Ramsay declined to comment on Phelps’ statement Friday, and instead referred to a Dec. 13 memo in which he informed Phelps of his plans to fire her.

“After careful consideration of your conduct and the effect it has had on this agency and our community, I cannot, and will not, defend your actions,” Ramsay wrote.

It appears Phelps, who has served in the sheriff’s office for 18 years, may have also lost the support of at least some rank and file deputies under her command. Their union, the South Florida Police Benevolent Association, sent Ramsay a letter Dec. 12 urging him to relieve Phelps of all of her duties and assign her to work at home.

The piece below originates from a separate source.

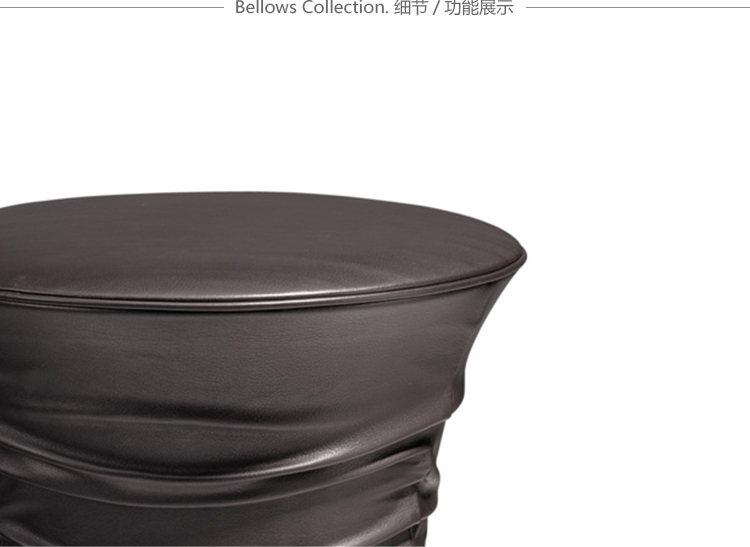 创新的设计源于对不寻常的想法进行塑造的勇气。Bellows Collection系列就是一个例子,凳子和桌子的设计令人眼前一亮,并达到了我们的预期。柔软的皮革褶皱的包裹在坚固的框架上。褶皱程度随着它的高度而改变。用一个最简单的动作,便可以利用隐藏于座椅下的环形扳机进行高度调节。
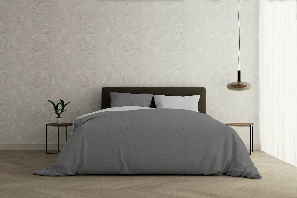 Housse de couette avec sac et taies d'oreiller réversible gris clair/fumée

Until her termination, Phelps also headed deputy training. Union president Steadman Stahl told Ramsay in the letter that she should be relieved of that role as well.

“The PBA has gotten calls from our members employed by you with serious concerns regarding her current position as Training Director. Their well-founded concerns relate to her objectivity in her current role, and, I too, think it is wholly inappropriate for her to be in any position where she has oversight or supervision of any employee of the Monroe County Sheriff’s Office,” Stahl wrote.

Phelps started working at the sheriff’s office in February 2002 and has been a cop for 37 years.

According to her statement, when Ramsay ordered her to turn in her badge, weapons and other sheriff’s office property earlier this month, he sent four deputies to her home to collect them, which she said embarrassed her in front of her neighbors.

“Four employees came to my house dressed in tactical vests Saturday morning, Dec. 14, 2019. They created quite a show for my neighbors as they posted on the corners of my house as if they were serving a high-risk warrant,” she wrote. “An eighteen-year career was packed into garbage bags and carried out of my home.”